Но я не хотел говорить со старухой, потому что между нею и мной ничего не было – и это было бы все равно, что, сойдя с ума от одиночества, я сидел бы в единственно сохранившемся от былого бессмысленного поселка Октябрьский домике на краю огромного леса и, высунувшись в окно, говорил бы самому себе:
– Я новорожденная, родилась совершенно заново, головной мозг обоих моих полушарий, стало быть, обновлен во всех своих составах серого вещества, и я уже почти ничего не помню из того, что было до моего нового рождения. У меня, миленький, космическая амнезия.
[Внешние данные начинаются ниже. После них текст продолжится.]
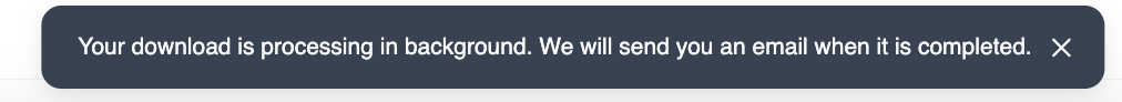 A notification will appear: "Your download is processing in background. We will send you an email when it is completed."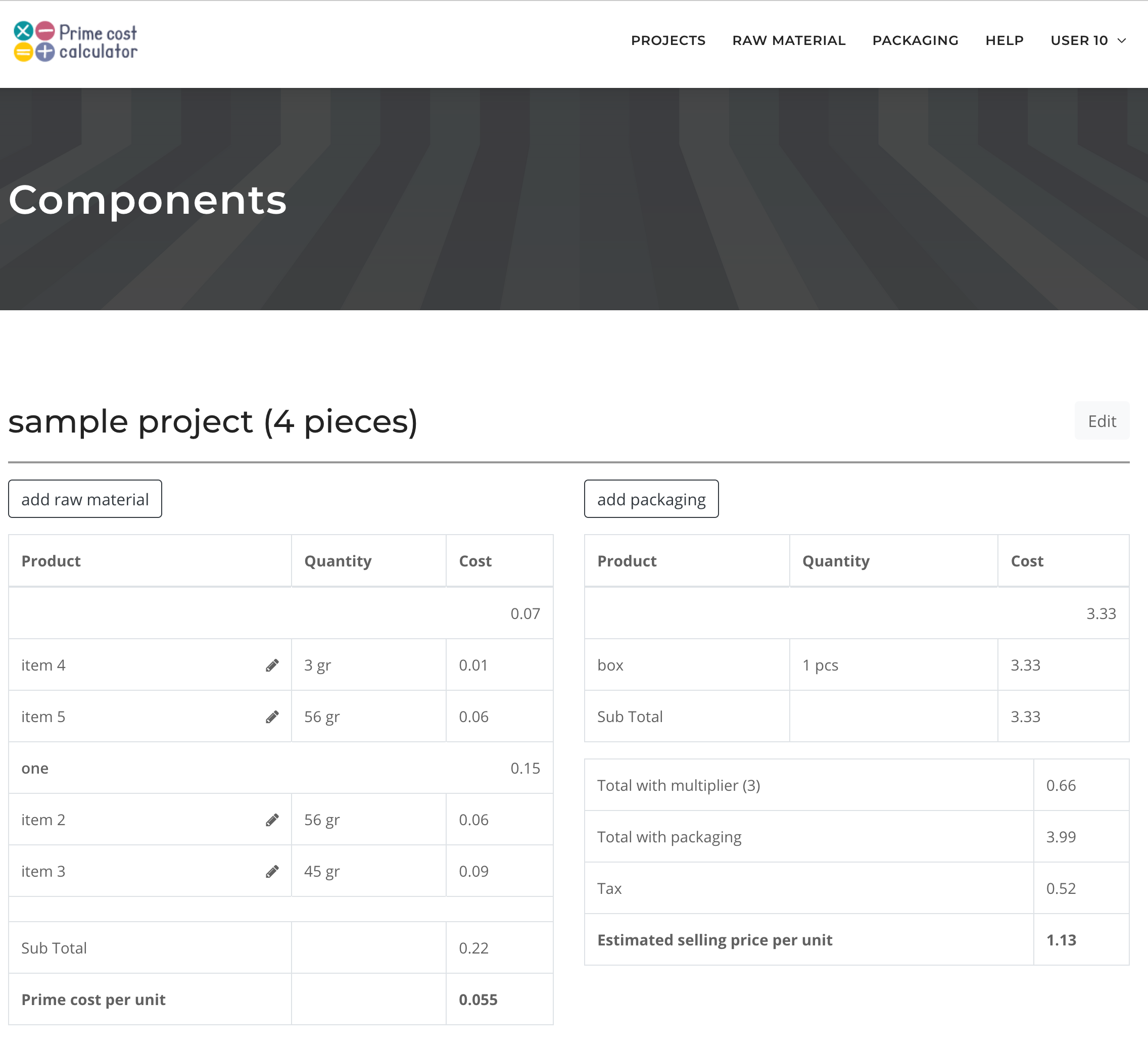 Prime cost calculator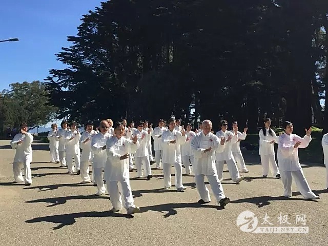在中俄界江碑旁的青城太极北方养生基地,黑龙江绥滨县武协王国利主席率领150名绥滨县太极爱好者,共舞太极!同时,成都、上海、北京、深圳、武汉、西安、广州、三亚的青城太极弟子也纷纷响应。荷兰精武体育会赵秋荣会长、芬兰武术协会教练代表 Oskari Jakonen、柬埔寨中华太极拳养生协会会长高文胜、老挝中国经贸促进会会长黄天豪等人纷纷组织青城太极爱好者参与支持,在所在地区地标同步舞起太极。
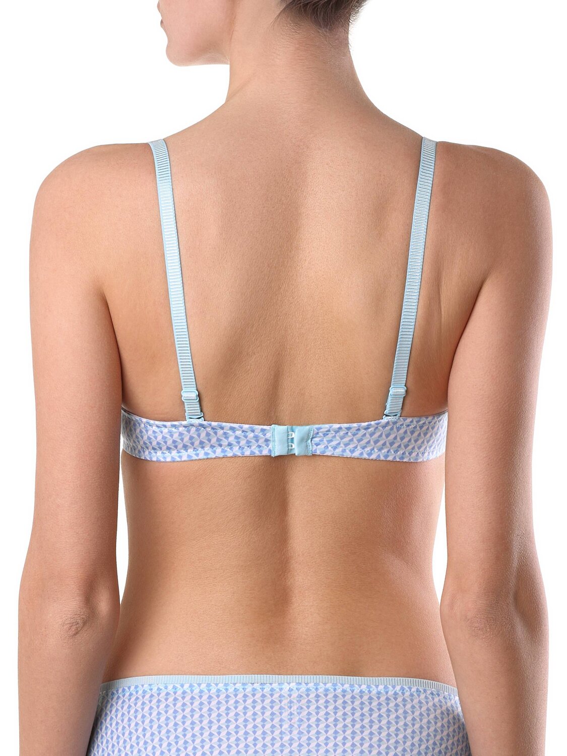- бретели, отстегивающиеся на спинке. Голубой набивной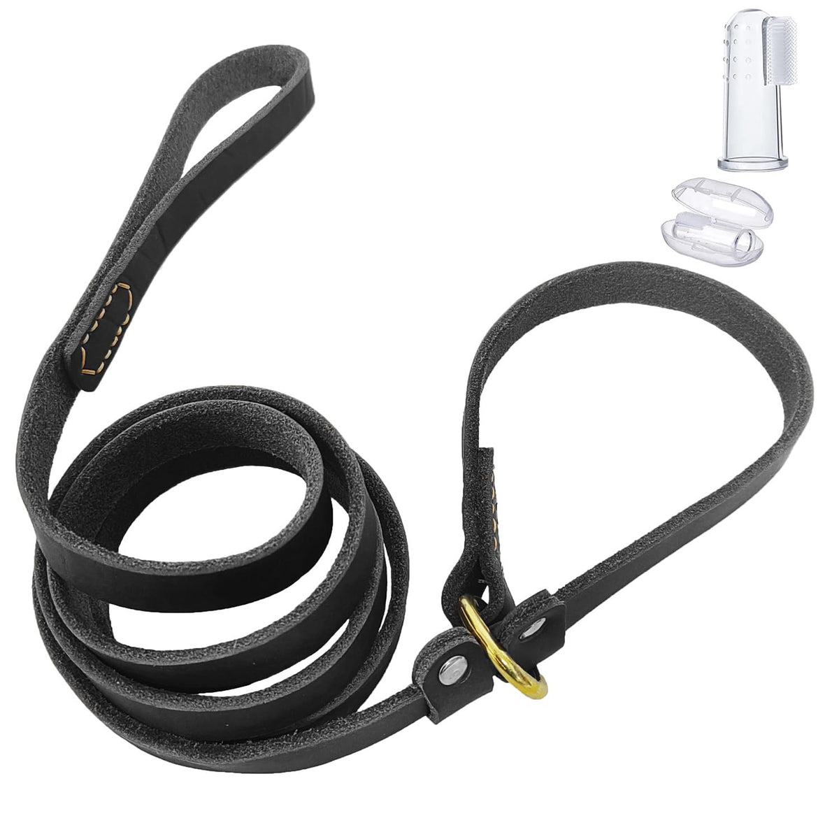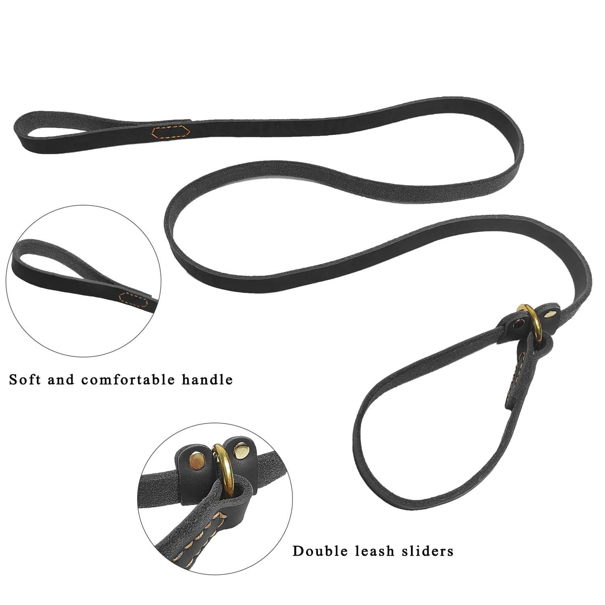 Lwbmg 5.6Ft Leather Dog Leash, Real Leather Slip Lead, Soft Adjustable Dog Training Leash For Small To Large Dogs - Black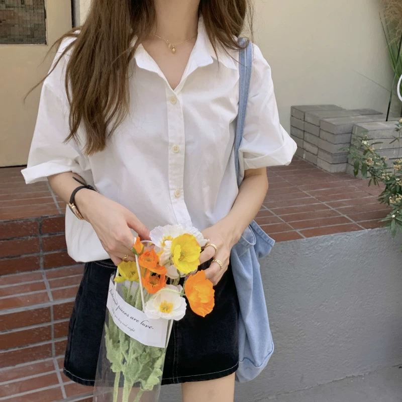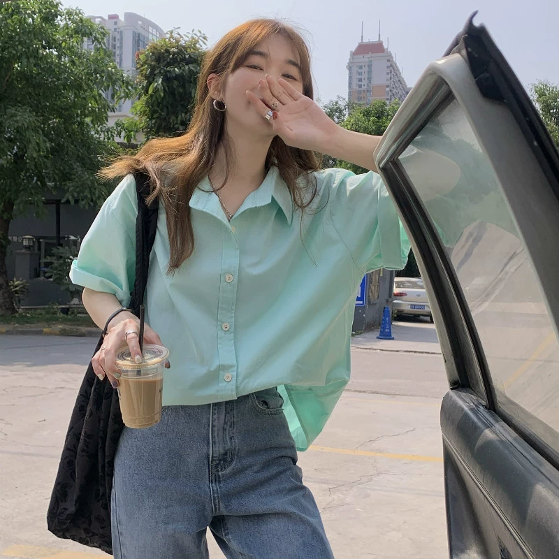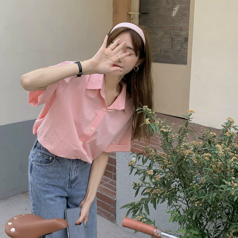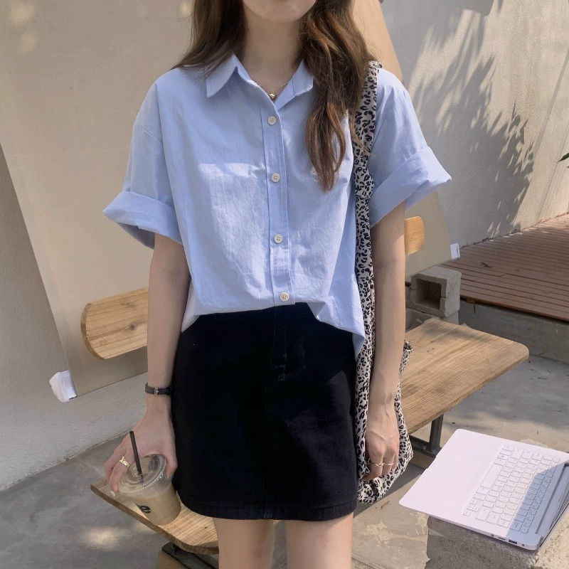 | nameOriginal | Korean design blue short-sleeved shirt for women summer 2024 new casual loose slim lapel versatile top |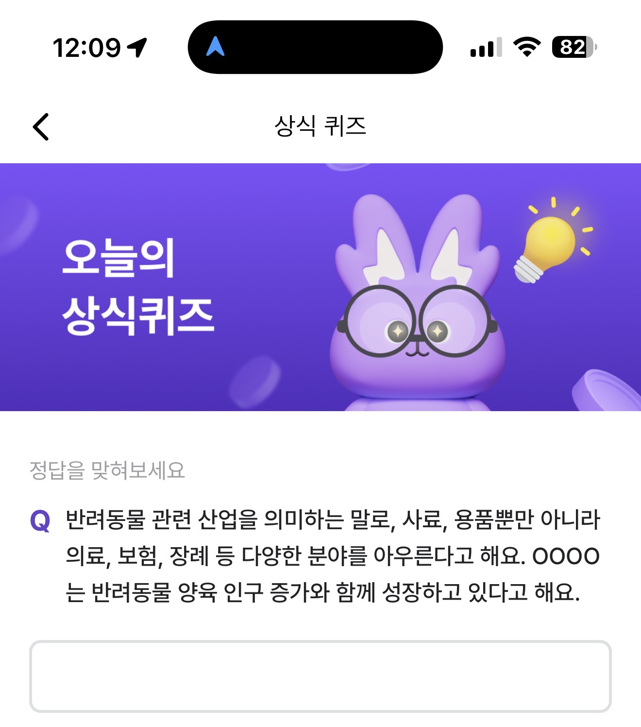 반려동물 관련 산업을 의미하는 말로, 사료, 용품뿐만 아니라 의료, 보험, 장례 등 다양한 분야를 아우른다고 해요. OOOO는 반려동물 양육 인구 증가와 함께 성장하고 있다고 해요. 주관식 퀴즈인데요.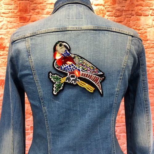 Large Colourful Rhinestone Bird Parrot Appliqué Patch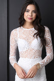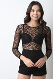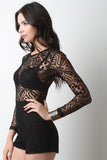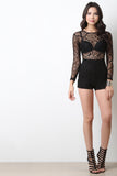 This romper features a semi-sheer mesh fabrication with burn-out pattern, shorts underlay, round neckline, and long sleeves fit. Finished with an exposed rear zip-up closure. Accessories sold separately. Made in U.S.A. 100% Polyester.

– Но ты же беззубая бледная старуха – какая же ты новорожденная? – возражал я самому себе. – Тебя бросили твои дети в этом доме, а сами покинули поселок Октябрьский и разъехались по городам. Произошло это много солнцеворотов тому назад, а ты не умираешь и живешь здесь совершенно одна. Что ты ешь, что пьешь, как спасаешься от холода наших русских зим?
– Я не пью, не ем и не умираю с той осени, как уехали все из поселка, а я осталась здесь одна и все позабыла. Тогда-то я и родилась заново, и узнала, что могу жить, ничего не кушая. Только водичку пью – и то одну росу туманную, которая набегает ночью на стекла и стекает по ним на подоконник. Так, значит, я и живу с тех пор, и так можно, оказывается, жить сколько угодно, если оставаться все время на месте, ничего не помнить, не умирать и никуда не продвигаться – даже вместе с Землей с ее круговращениями вокруг Солнца.